Диспозиция была следующей: большой массив и часть главной улицы, так же как и один склон, захватили мы. Вся остальная часть деревни находилась в руках врага. Их пехота расположилась внизу в камышах, а тяжелые орудия выше, очевидно за вершиной холма.

К нашему счастью, в самый первый день силы врага были невелики. Но численность войск противника постоянно увеличивалась, и на головы несчастных итальянцев, прятавшихся в многочисленных щелях и воронках, постоянно сыпались снаряды, убивая людей сотнями. Тех же, кто бродил от дома к дому, пытаясь найти более надежное убежище, весьма ловко подстреливали автоматчики.

Немцы создавали линию обороны, правда, она находилась у них в зачаточном состоянии. Чего они ждали? Почему мы даже не делали попыток прорваться на свободную территорию? Да и где она?

Немцы объясняли, что очень скоро подойдут бронетанковые соединения, которые очистят дорогу.

* * *

После того как я провел все утро, помогая людям найти укрытия, я решил немного отдохнуть. Я не спал уже три ночи и опасался, что могу не выдержать такой нагрузки. Я медленно ходил по деревне, отыскивая хоть какой-нибудь угол, но тщетно. Немцы заняли все и бдительно охраняли свои владения. Такое положение было следствием и в то же время одной из главных причин нашей вопиющей неорганизованности.

В конце концов я забрел в дальний конец деревни.

* * *

Здесь находилась хижина, выделенная нам под лазарет. В ней было всего две комнаты и небольшой хлев, который каким-то чудом оказался пустым.

Я вошел в хлев. Со мной было несколько солдат, но запомнил я только одного из них - Нейна, добровольца из Неаполя. Устроившись на соломе напротив входа, я поставил свою русскую полуавтоматическую винтовку у стены так, чтобы ее было легко достать, укрылся одеялом, которое от мороза стало жестким, и приготовился спать. Еще я снял ботинки и носки, причем последние, как обычно, оказались мокрыми.
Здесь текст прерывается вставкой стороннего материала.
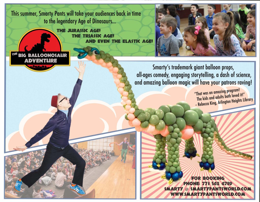 Created to fit the upcoming CSLP 2026 theme, “Unearth a Story!” this new Big Balloon Show program features magic, all-ages comedy, Smarty’s trademark giant dinosaur sized balloon props and of course, a hearty dash of paleontology.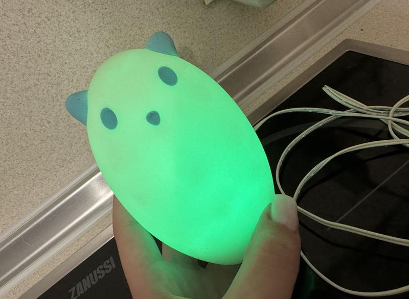Светильник меняет цвет. Чтобы зафиксировать один цвет, нажмите на корпус светильника сверху.

В полутьме было видно, что пришедшие вместе со мной солдаты тоже устраиваются на отдых.

Прошло семь или восемь минут. Никто не спал. Неожиданно дверь распахнулась и в проеме появился солдат с винтовкой, направленной на нас. Судя по одежде, итальянец. Он громко выкрикивал ругательства с ярко выраженным южным акцентом, обзывал нас трусами и предателями и требовал, чтобы мы немедленно сдались.
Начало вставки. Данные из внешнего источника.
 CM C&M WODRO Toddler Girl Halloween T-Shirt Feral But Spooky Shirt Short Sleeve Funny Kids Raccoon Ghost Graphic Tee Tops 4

Я не знал, что это за тип и откуда он взялся, и никак не мог решить, что предпринять. Неожиданно раздался выстрел, и лежавший рядом со мной солдат громко завопил: "Mamma mia! Mamma mia!"
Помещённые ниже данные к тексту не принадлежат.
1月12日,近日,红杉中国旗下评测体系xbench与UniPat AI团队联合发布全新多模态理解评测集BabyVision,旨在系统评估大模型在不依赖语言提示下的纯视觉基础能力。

Дверь захлопнулась. Судя по раздавшимся за ней звукам, этот псих или предатель - уж не знаю, кем был ворвавшийся к нам солдат - перезаряжал винтовку. Значит, он собирался снова стрелять. Я схватил свою винтовку, перекатился немного в сторону, чтобы укрыться за оказавшимся здесь ящиком, и приготовился дать отпор.

Почему-то именно в тот момент я остро ощутил, как неприятно, когда голые ноги лежат на замерзшей соломе.

Перепуганные солдаты распластались рядом, некоторые старались спрятаться за меня. Один из них крикнул: "Ладно, мы сдаемся!" - но я велел ему заткнуться. Дверь слегка приоткрылась. Зачем? Чтобы в образовавшуюся щель протиснуть дуло винтовки? Не знаю, да к тому же еще было очень плохо видно. Помню, что я нажал на спуск, но выстрела не последовало. К сожалению, такое часто случается с военными трофеями. Но сейчас момент был уж очень неподходящий. Я быстро перезарядил винтовку и стал ждать. Снаружи послышался какой-то шум. Внезапно дверь снова распахнулась. На этот раз оружие меня не подвело. Я хотел выстрелить мимо нападавшего, чтобы заставить его сдаться. У меня не было сомнений, что этот парень стрелял в нас несколько минут назад.